His colleagues are equally bebearded, in extremist rather than hipster fashion. Something, I tell myself, is up. I quickly take in the jingling metal symbols dangling like charms from their necks. Cross, Star of David, crescent. Like a version of those C
OEXIST
bumper stickers that found their way to London before the Sickness. Curious.

At any rate, I realize that Donna is not going to supply a response to the young thug's statement, as she is meant to be a cowed and depressed victim. So I say, “Yeah, I know. I came early to check out the competition. Wanna see what kind of price I can get.”

“You sound funny,” says another little slavemonger, which is rather rich, given that he sounds like the arse end of a clarinet played through the nostril. But now is not the time to be undiplomatic.

“I'm from Jersey,” I say, a response that, I have been told, will cover any sort of irregularity.

And indeed, it works. The creeps would rather pretend to be sophisticated than venture to quiz me on, say, the popular pastimes and landmarks of New Jerseyans, which, judging only from my exposure to
The Sopranos
, largely involve dumping bodies and eating mozzarella.

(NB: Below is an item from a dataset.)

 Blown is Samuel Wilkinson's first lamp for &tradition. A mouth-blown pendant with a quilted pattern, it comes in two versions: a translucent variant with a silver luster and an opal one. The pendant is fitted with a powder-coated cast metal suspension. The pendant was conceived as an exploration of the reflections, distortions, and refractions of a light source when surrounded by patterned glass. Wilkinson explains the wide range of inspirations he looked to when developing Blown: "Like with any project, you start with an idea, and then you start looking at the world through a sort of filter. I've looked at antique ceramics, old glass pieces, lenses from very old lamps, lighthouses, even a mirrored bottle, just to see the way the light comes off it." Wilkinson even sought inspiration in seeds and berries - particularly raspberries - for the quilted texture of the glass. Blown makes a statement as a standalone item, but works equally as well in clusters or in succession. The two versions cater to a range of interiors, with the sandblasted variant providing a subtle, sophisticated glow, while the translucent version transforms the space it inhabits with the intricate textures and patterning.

“How're those Jersey girls?” asks one kid.

“See for yourself,” I say. I take Donna's chin in my hand and tilt her face upward. I can't tell if the micro-glance of hatred she gives me is genuine or playacting. If it's the latter, she's doing it well. But she must understand that I'm just trying to put on a convincing front. Perhaps it's my facility with lying that puts her in mind of past peccadilloes.

The bearded boys take a look at her, up and down, male gazes unfettered by any social constraint.

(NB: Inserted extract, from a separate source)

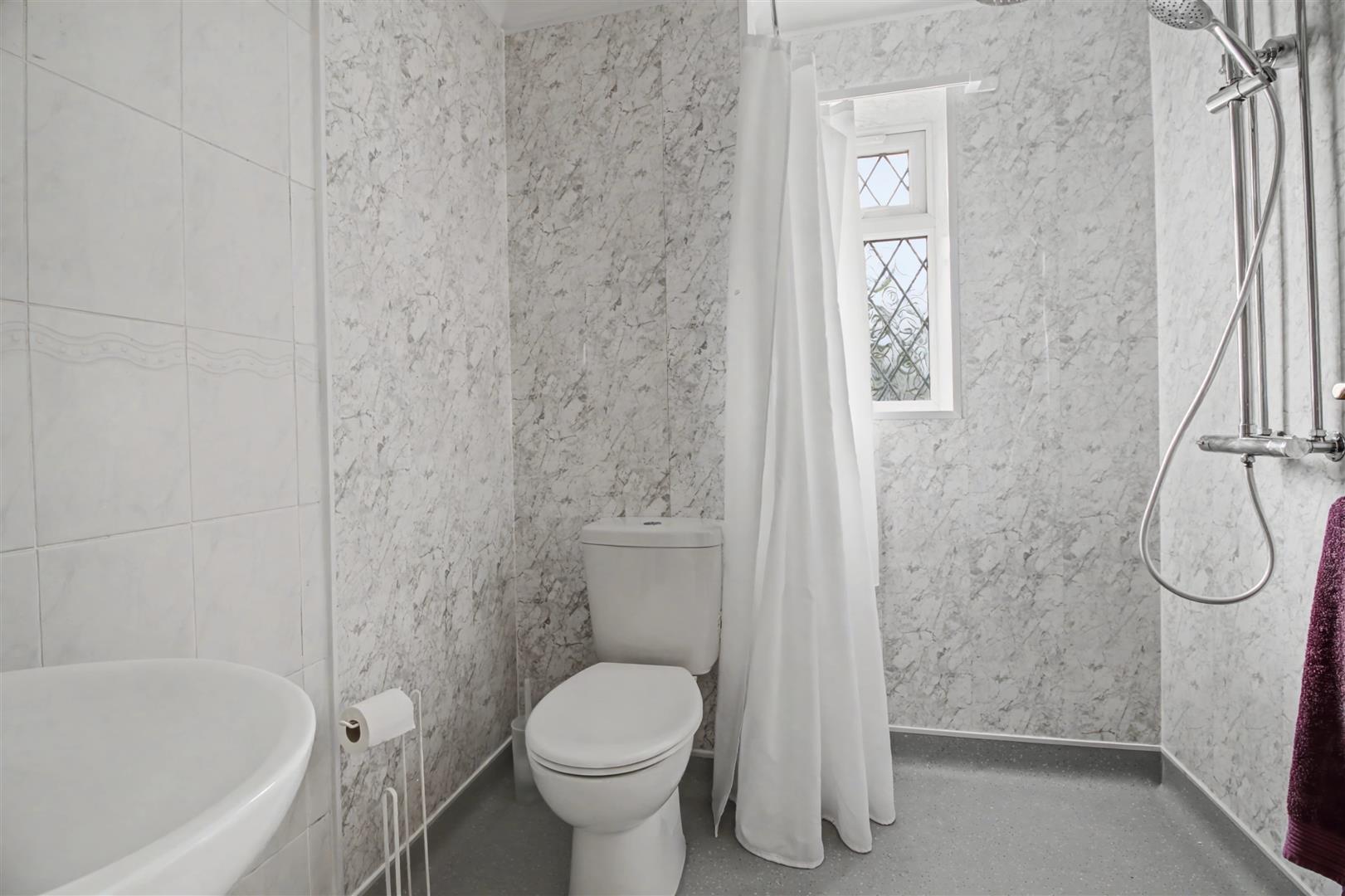 Shower Room - Low level W/C, shower, pedestal wash basin, radiator, double glazed window to side.

“How much?” says one. “We'll take her off your hands.”

“Mmmm, I think I'll trust the full price-setting power of the market.”

“How about we rent her for an hour?”

Even I, smooth and supple liar that I am, feel my bile rise and find myself at a pause.

“Thanks,” I say. “But I'd like to keep the merchandise in prime condition, and you fellows look a bit rough.”

They laugh, the closest one holds up his hand for a fist bump, and, to my eternal shame, I comply. I have a brief mental image of his hand, in a graphically rendered version of the imaginary follow-through, exploding in a fine red mist.

“Go on in, chief,” he says.

Donna and I head up the stairs. She turns to me and says, sotto voce, “I'm going to fucking kill all of them.”

I'm a bit taken aback; this is not the Donna who sat next to me on Dr. Maule's couch and elucidated the distinction between back-formation and folk etymology.

“Do you mean kill, in the sense that people used to mean it, as in you really hate them, or do you mean
kill
kill?”

She looks at me and leaves no doubt.

I open the door for her—even if I weren't a gentleman, there's the fact that her hands are zip-tied behind her back. We find ourselves in a big lobby, wall-to-wall marble, real nineteenth-century American inferiority complex–grade expense and bombast. Another creep with his feet up behind what used to be the ticket booth. Discounts for students and senior citizens, etc.